Until I turned 16, I was on a mission to create the most aesthetically pleasing Tumblr blog. I used to spend hours reblogging and liking tens of images: abstract paintings, people standing in art galleries, cigarettes and Turkish coffee cups, dusty bookshelves, palm trees and short poems. For some reason, I never looked at the captions of these posts — I didn’t know who took this photograph or painted that painting. But short poems in the form of one sentence over one page (yes, like Rupi Kaur’s), the ones that kept me staring at my screen for a while trying to hardly digest them, were an exception.  

On yet another day of aspiring to increase my growing collection of images, I stumbled upon a picture of a sign with one of these poems. It said, “If someone does not want me/ it is not the end of the world./ But if I do not want me the/ world is nothing but endings.” My 15-year-old self was in absolute awe of these two sentences. The sign, thankfully, included the poet’s name on it: Nayyirah Waheed. This saved me hours of helpless Googling. Yet it was still difficult to find any information about this mysterious poet: no pictures, no biographies, nothing. Only snippets of her poetry all over the internet. So the hours of Googling occurred anyway. 
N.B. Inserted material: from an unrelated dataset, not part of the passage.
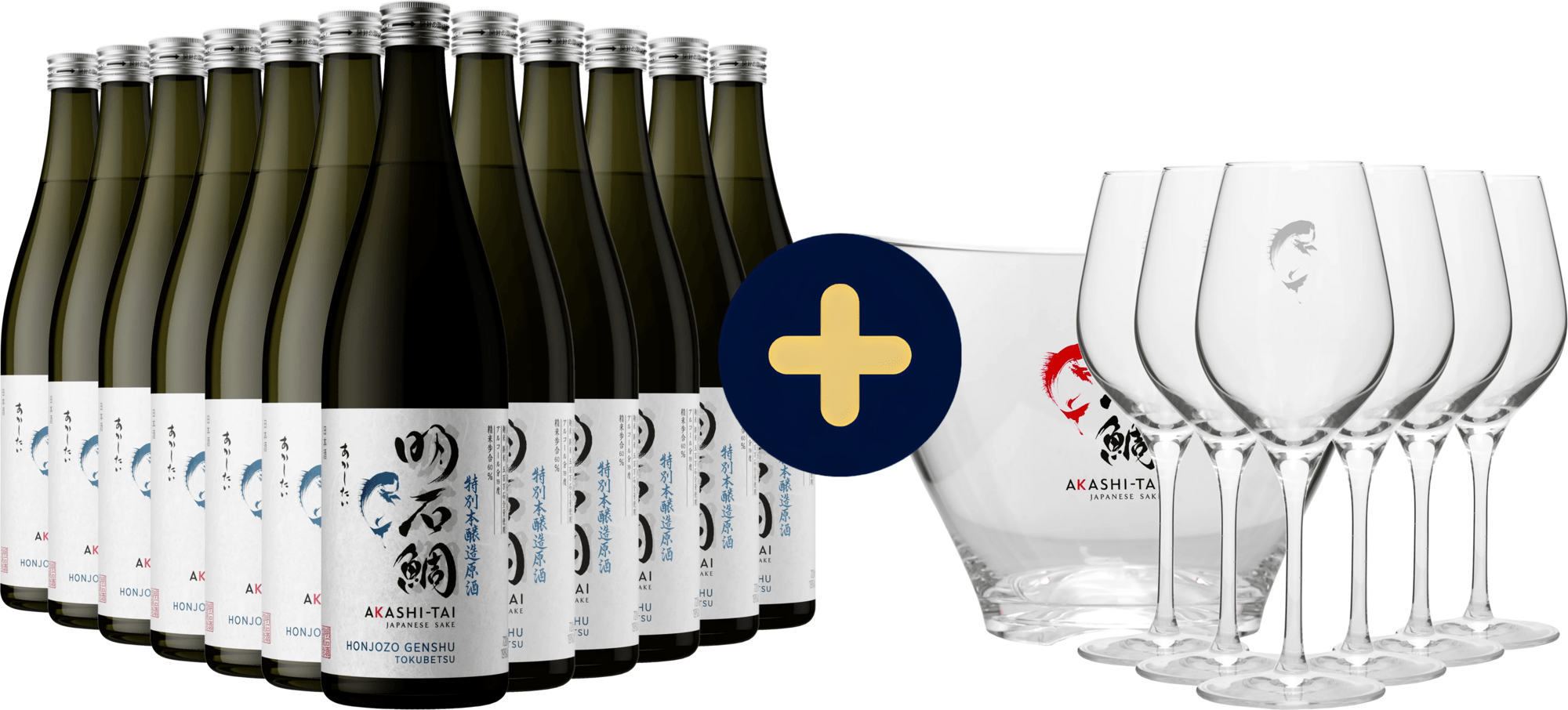 Bundle 12× Akashi-Tai Honjozo Genshu Sake + 6 glasses and a cooler for free

When I finally found her website, I learned that the poem I read was part of a collection titled “salt.” which was published in 2013. I immediately added it to my cart and purchased it even though I knew the package would take ages to arrive. (My Tabuk address always seemed unrecognizable to shipment companies.) So I placed the order, hoping to reexperience the poem, but this time on paper. 

After a month, and five emails about a delayed shipment with DHL, it arrived. I unwrapped the package hoping to begin the poems during a weekend. Once I started it, it was only me and Nayyirah’s very short poems staring at me, dissecting me and leaving me open to catch my breath. And with each page flip, the process was repeated. 

I read one poem, though, with an eye roll. It was, “ ‘i love myself.’/ the/ quietest./ simplest./ most/ powerful./ revolution./ ever.” I’m not sure why I disliked it at first. Maybe I thought it was trying to sell me what other positivity and self-love quotes I tried to avoid all over Tumblr were. Or maybe because I was struck with the realization that I never said this phrase to myself. I repeated “I love you” to almost every person I knew. This even included mutuals on Tumblr I’d known for less than weeks. But I never said it to myself. I never found a reason to say it. 

I learned self-hate way before I learned self-love. I’d always wanted to be smarter, prettier, taller, skinnier, more masculine, more muscular, more outspoken, more outgoing. I spent more than half my life hating everything I was. How, then, was there any of myself to love? Why did Nayyirah remind me of this unprovoked? 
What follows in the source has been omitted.